She reminded the meeting of US Secretary of State John Kerry with UN Special Representative Lakhdar Brahimi in Geneva, adding Secretary Kerry also spoke with Syrian Opposition Coalition President Jarba and Supreme Military Council General Idris to discuss his meetings in Geneva with Russian Foreign Minister Lavrov.
"The secretary reiterated that President Obama's threat of military action very much remains on the table, and it is the only reason the Syrian regime has for the first time ever acknowledged its arsenal of chemical weapons and announced its commitment to turn them over to international supervision," she said in a daily press briefing.
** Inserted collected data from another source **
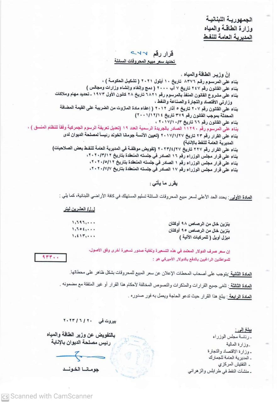 صدر جدول جديد لأسعار المحروقات صباح اليوم ولحظ تغيُّراً بالأسعار على الشكل التالي: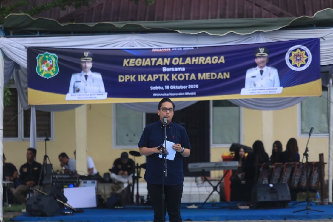 Semangat kekeluargaan begitu terasa dalam kegiatan olahraga bersama yang digelar Dewan Pengurus Kota (DPK) Ikatan Keluarga Alumni Pendidikan Tinggi Kepamongprajaan (IKAPTK) Kota Medan di lapangan Cadika Medan, Sabtu (18/10/25).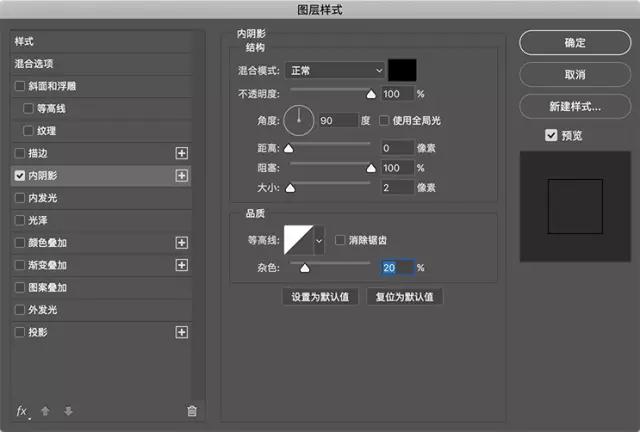 將智能對象圖層的填充不透明度設置為0,添加一個內陰影樣式設置如下。還要創建一個投影,只有1px的大小。這兩個陰影一起形成具有粗糙邊緣的筆畫/輪廓效果。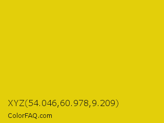 XYZ 54.046,60.978,9.209 Color is a normal yellow color and the nearest color is Citrine #e4d00a. Hex code #e3cf0a and RGB value is rgb(227,207,10). In RGB color space, this color is composed of 89% red, 81% green, 4% blue, In CMYK color space, this color is composed of 0% cyan, 9% magenta, 96% yellow , 11% black , In HSL color space, this color has a hue angle of 54° , 92% saturation and 46% lightness.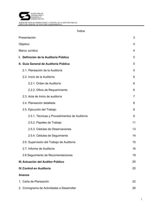 Este documento presenta la Guía General de Auditoría Pública actualizada. Incluye la definición de auditoría pública, los pasos del proceso de auditoría como la planeación, inicio, ejecución, supervisión, informe y seguimiento. También cubre aspectos como la actuación del auditor público y el control de la auditoría. Finalmente, incluye anexos con modelos de documentos como la orden de auditoría, acta de inicio, papeles de trabajo y formatos de informes. El objetivo es estandarizar el trabajo de auditoría en las dependencias públic

Upon being asked whether there was a link between Geneva and the New York about a possible Security Council resolution, Harf said, "They are certainly parallel processes. We have diplomats in both places talking right now. The Geneva process is focused on how we can work with the Russians to set up a way to identify, verify, secure and ultimately destroy Assad's chemical weapons. Those discussions are related to the discussions that are going on in New York, where they are talking about a potential text for a U.N. Security Council resolution. We're working very closely with the British, with the French, with our other partners at the U.N."
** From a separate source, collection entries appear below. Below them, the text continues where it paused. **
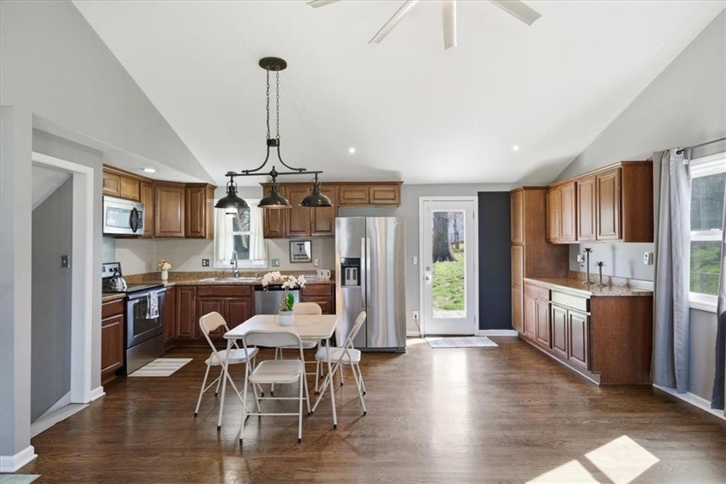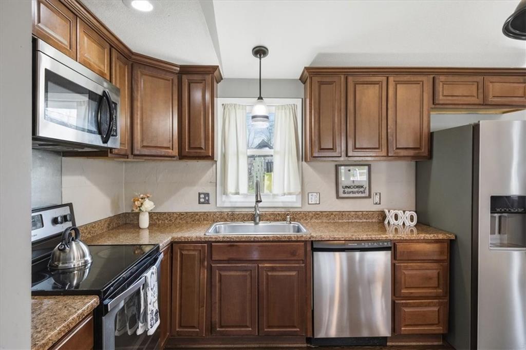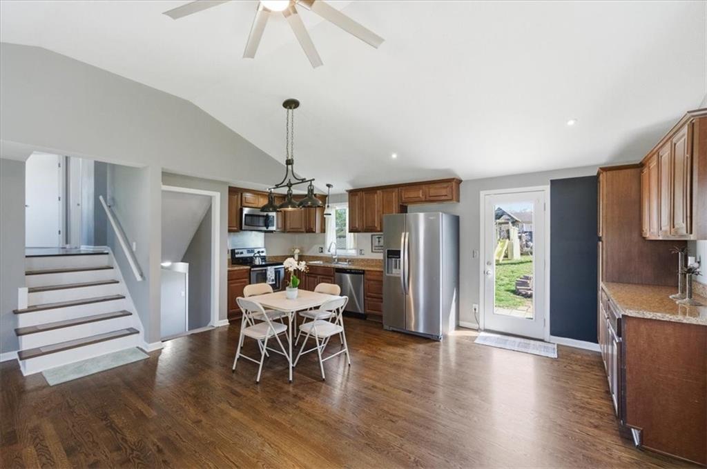 Fully remodeled 3 bedroom close to so many major attractions and amenities. This turn-key property offers terrific value and location! Bright, open main level with vaulted ceilings, hardwood floors, and a beautifully redone kitchen with stainless steel appliances; this spacious area provides comfort and convenience for your main family living space. Upstairs features 3 spacious bedrooms and an updated full bath. The lower level offers flexibility—perfect for a second living area, office, or both. The basement is nearly finished and ready for your final touches—add flooring to gain ~230 additional square feet. Includes remodeled half bath and laundry for immediate functionality. Large yard w/storage shed, clean and functional garage, and just minutes from The Legends, Kansas Speedway, and the proposed Chiefs stadium site! A quick drive to KCI or downtown. Homes in this location and price point move fast—schedule your showing today.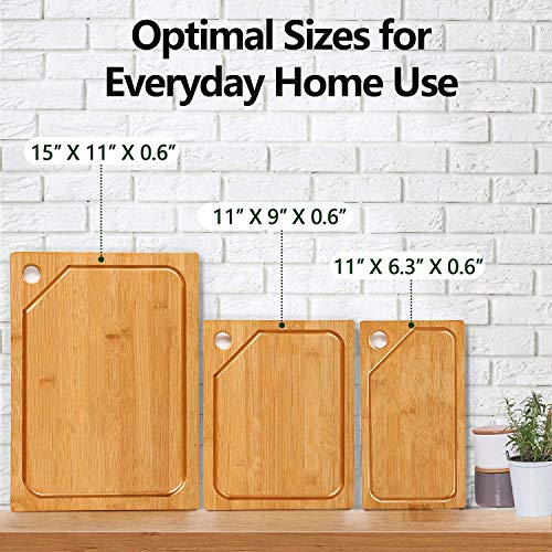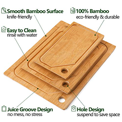 MaxGear - لوح تقطيع خشبي للمطبخ من الخيزران، مجموعة من 3 قطع
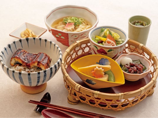 ●小さなうなぎ丼のかご盛りセット 1,482円(税込み1,630円)少しずついろんなおいしさが楽しめることで人気の、かご盛りセット!特製お出汁で仕上げた炊き合わせは、季節ごとに変わる食材で季節の移ろいをお楽しみください。一口サイズのプチ甘味がついて、食後の一息にもぴったりです。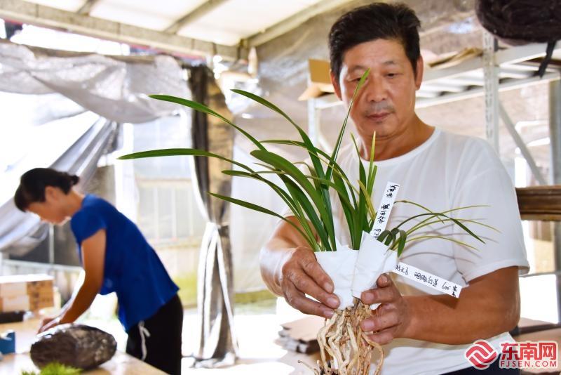 東方村芳香蘭蒲的線上訂單量絡(luò)繹不絕,工作人員正在抓緊時間打包蘭花,準備發(fā)出。東南網(wǎng)記者 簡慧玲 攝

Concerning Syria's letter on its demand to be a party to Chemical Weapons Convention, Harf said, "We think the Chemical Weapons Convention is an important thing that we're a part of, but that would not be a substitute for working with us and the Russians to verify and ultimately destroy their stockpile."
"In terms of the allegation that the opposition used chemical weapons, it would, as we've said repeatedly, be preposterous for anyone to suggest that anyone other than the Assad regime is responsible for the August 21st chemical weapons attack," she said referring to the opinion piece of Russian President Vladimir Putin in The New York times.
Harf stressed that America's end goal has not changed and said Assad had less credibility and could no longer be part of a Syrian future.
After a journalist said 'Ankara (Turkish capital) is skeptical that destroying all these mass destruction weapons is not enough to stop the violence in Syria," Harf said, "We certainly feel the same way, that destroying chemical weapons won't end the conflict in Syria. We believe that the only way to end the conflict in Syria in a durable way that's good for the Syrian people is through a political solution. That's why we're also invested in the Geneva II process to get a political solution. So we would agree that destroying the chemical weapons would be a very good thing for regional security and for the Syrian people, but there needs to be a political solution to actually end the entire conflict."